だが、この可能性には解決すべき謎がいくつか存在する。まず第一に「いつ」入れ替えを行ったかという点は非常に重要である。くまは2年前のシャボンディ諸島に現れたが、〝麦わらの一味〟を飛ばしたくまには明らかにくま自身の自我が存在していた。そして頂上戦争の時点では最後の改造が加えられて死亡したことにされていた。
頂上戦争後の2年間サニー号をプログラムによって守っていたくまには既に意志はなく、ドフラミンゴの発言を踏まえればくまは頂上戦争時には既に死亡していた。
つまり、もしローが「シャンブルス」を行ったのであれば、少なくとも2年前のシャボンディ諸島におけるローとの対峙から頂上戦争までの間と考える方が妥当である。
このように期間的には「入れ替え」に関して何の問題もなさそうである。他の疑問としてはローはくまの「入れ替え」に関してどのような条件を提示したのか、またはされたのか、そしていったい何がくまの意識と入れ替わったのかという点が挙げられる。
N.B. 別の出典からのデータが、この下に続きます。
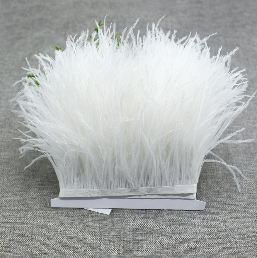 现货批发8-10厘米鸵鸟毛布边服装装饰辅料彩色鸵鸟羽毛布带羽毛

だが、この2点に関しては何とでも説明がつきそうである。つまり、シャボンディ諸島編から導かれた「くま生存説」には一定の根拠があるといえるのではないだろうか。
この仮定を踏まえれば、革命軍がくまの本体を取り返そうとしていることにもある程度の説明がつくかもしれない。さらに、死亡したはずの頂上戦争時のくまが〝ニキュニキュ〟攻撃をしていることを踏まえると、くまは生きている可能性がある。
パンクハザード編で描かれた意識を入れ替える「シャンブルス」を受けたチョッパーのように、くまの肉体に〝悪魔の実〟の能力が残っている可能性が高い。
くまがもし生存しているのであれば今後再登場し、これまでの行動の謎について言及する可能性も高まり、〝麦わらの一味〟が感謝を直接伝えることも可能になる。